I don't want to pull this part. Let me first comment it, and then tell you the reason why I would like to avoid it,

I appreciate the effort and understand why you would want this here (and in every other functions. You could also maintain a bitset of highest used bit to optimize for speed.
However it adds to the size of both source- and object code. I also fear you might miss out on vectorization optimizations from the compiler, but I wouldn't know for sure. It also makes you susceptible to leaking info via timing if used in encryption algorithms. I mostly want to take a raincheck because it also breaks the beautiful simplicity of the naïive algorithm.

Thanks for the PR - I really appreciate the effort you've put into this

Vector operations bases on processor words so don't worry.
I understand the timing problem in cryptography.
I am not sure are you talking about the same peace of code.

So the section with finding actual length of number can be removed.

kokke · 2019-08-19T20:38:17Z

bn.c

+  usable_len = usable_len > BN_ARRAY_SIZE ? BN_ARRAY_SIZE : usable_len;
+  //
+
+  for (int i = 0; i < usable_len; ++i)


This part is brilliant. I love how you've reduced the allocation of two bignum's into none. That really cuts straight to the bone 👍

However I would like to avoid the scoped-declarations of variables inside the for-loop for stylistic reasons and to be a bit more portable against shitty/subset compilers. I will pull it as-is and then edit it myself, no worries.
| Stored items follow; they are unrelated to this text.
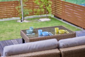 The air-conditioned holiday home has 3 bedrooms and 1 bathroom with a bath and a shower. Meals can be prepared in the well-fitted kitchen, which features a refrigerator, a microwave and a tea and coffee maker. Boasting a terrace with garden views, this holiday home also features a washing machine and a flat-screen TV with streaming services. V této ubytovací jednotce se nachází 7 postelí.
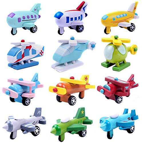 -. Title : ACTLATI 12 Pcs/Set Toddler Mini Plane Toys Cartoon Wooden Helicopter Model Cute Airliner Toy
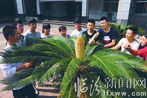 临汾新闻网讯 日前,山西信息职业技术学院内的一雌一雄铁树同时开花,吸引了周围众多的市民前来参观拍照,形成了校园里一道靓丽的风景线。该院共有十余株铁树,2010年8月8日,第一株铁树开花;2014年6月13日,有两株铁树同时开花;2015年6月12日,也有两株铁树开花,没想到今年又有两株开花。铁树连年开花的奇景不仅让师生们惊叹,而且带给他们积极奋进的信心和前程似锦的美好祝福。(马尧)
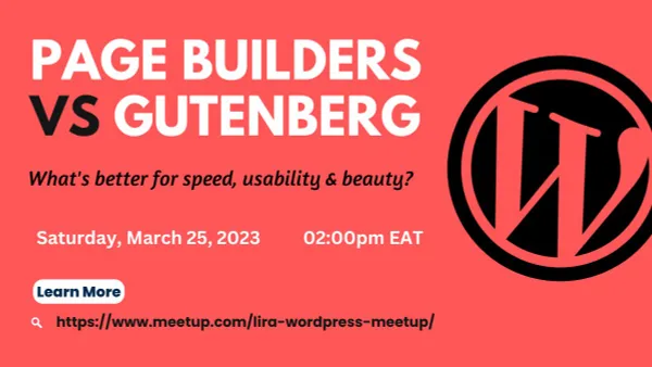 Online Lira, UgandaWhile using WordPress, one is often faced with different choices. One of the most urgent choices is to choose between less popular block editor (Gutenberg), and much popular page builders such as Elementor. On Saturday, March 25, 2023, Lira WordPress Meetup will convene online to discuss this topic, share experiences from others, and recommendations.
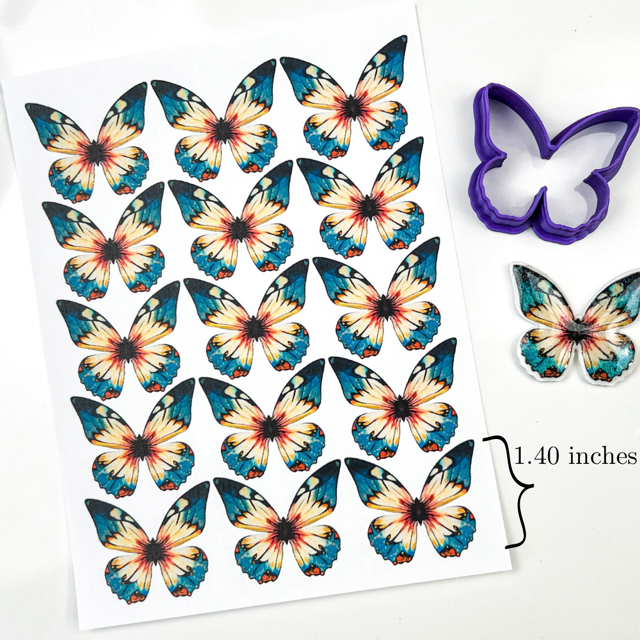 Transfer paper will have 15 butterflies with matching cutter. Cutter is approx 1.40 inches at furthest points.
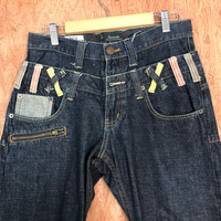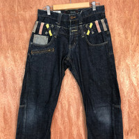 Japanese Brand - Double Waist Dominate Handcrafted Dark Blue Jeans #c614
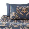 - Classic pattern with a navy-blue base and gold floral damask. Matching print on both pillowcases
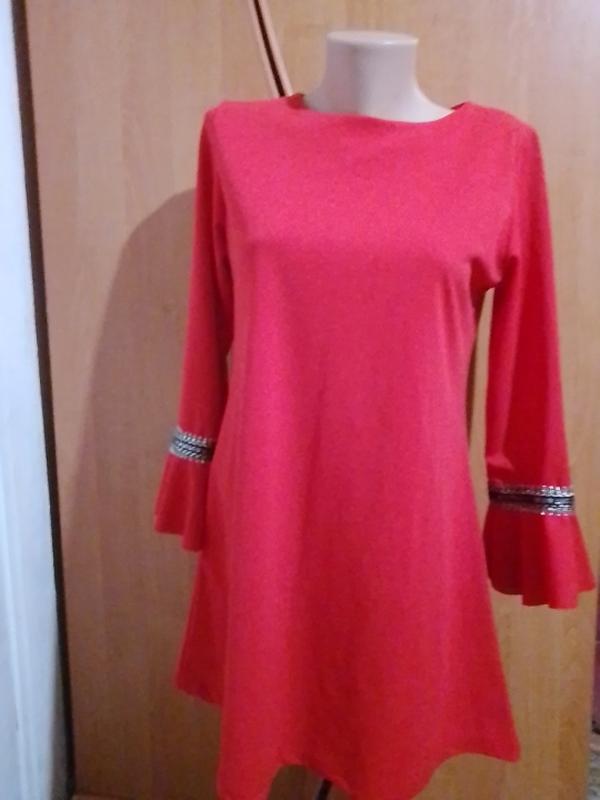 Платье короткое красивое яркого цвета в идеальном состоянии без дефектов Длина 79см Плечи 37см Полуобхват груди 47см Длина рукава 55см, внутренний шов 41 см
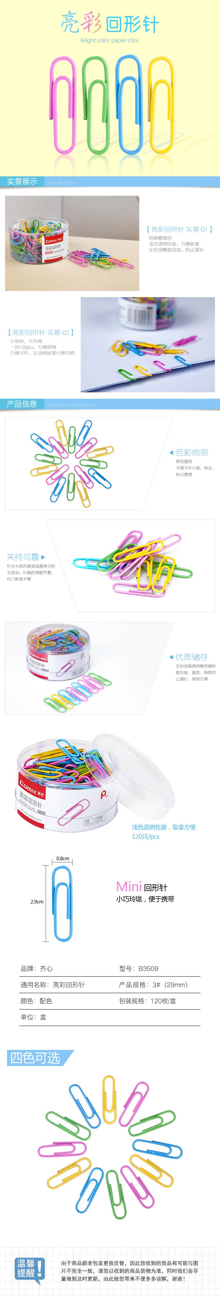 商品名称:齐心 B3509 亮彩回形针 29mm 彩色 120枚/筒 单位:筒
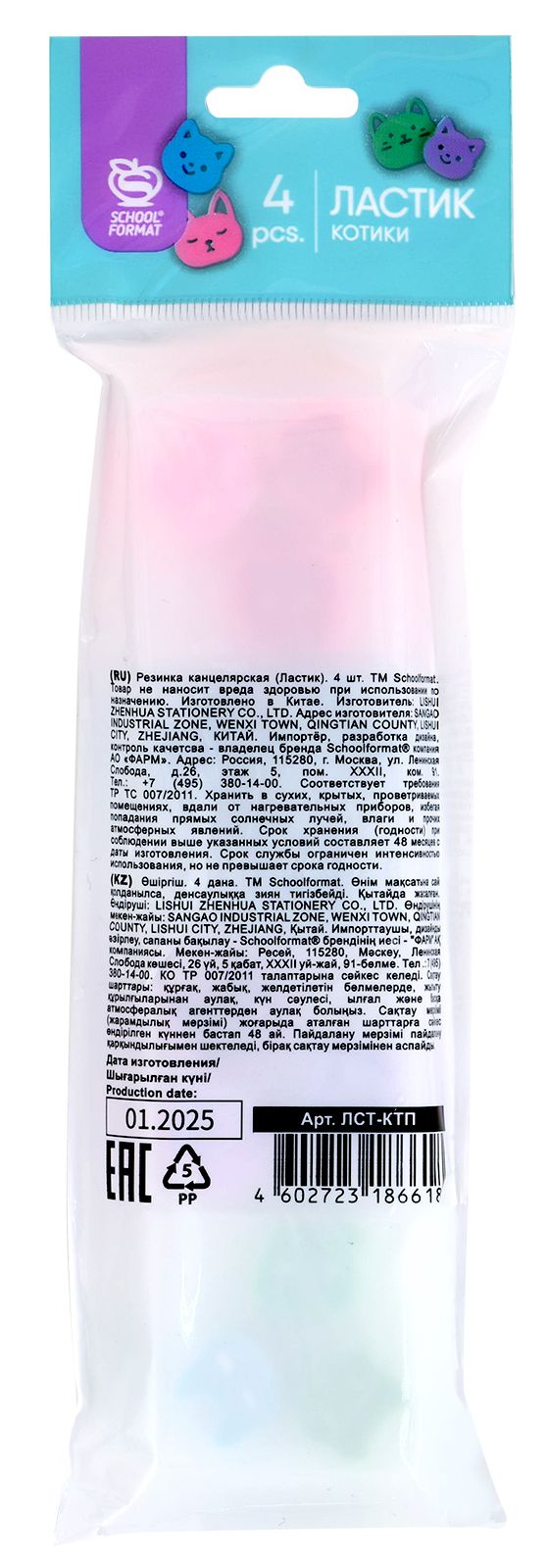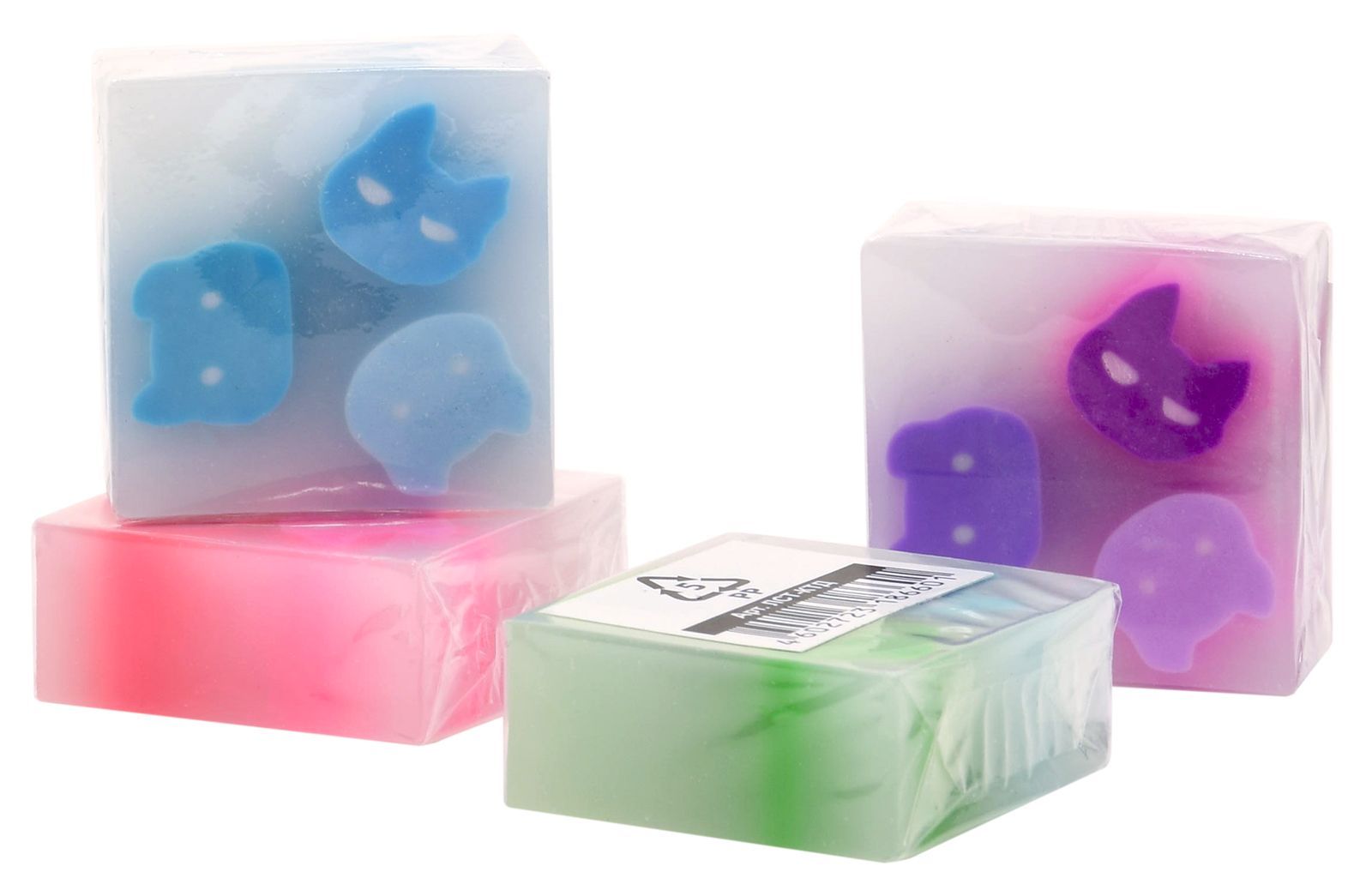 Цвет: ассорти Размер: 34х34х14 мм Наличие европодвеса: Да Упаковка: пакет Вид чертежных принадлежностей: Набор ластиков Материал: ПВХ Мин. партия и варианты упаковок: 1 / 12 / 144 Набор ластиков Schoolformat КОТИКИ, ПВХ, 34х34х14 мм прямоугольный, ассорти, мягкий, 4 шт в пакете

Declarations in for loops are provided by C standard, so if compiler does not support the standard it is not a compiler but shit. It is better style to use temporary variables like iterators in scopes. But if you want to keep same style it's ok for me.
The main improvement is reducing time complexity.

The old multiplication is O(n^3). New is only O(n^2).

mangofromage · 2019-08-23T07:58:02Z

For me it is ok to merge it and edit in way you like ;)

kokke · 2019-09-26T15:32:21Z

I got away from this PR @kolkil - sorry about that - I took some time off and forgot everything about software development :)

I will try and get it merged and edit whatever small details I want to change.

If I keep forgetting, please remind me again that I want to merge this PR.

mhaeuser · 2019-10-12T14:42:29Z

Good day,

First off, I currently use a heavily modified version of this library and hence would ask for someone to try to reproduce this with a "clean" version of the library. However, as the alternative multiplication function does not use any of the other functions, I am fairly certain this is a rare bug in the logic.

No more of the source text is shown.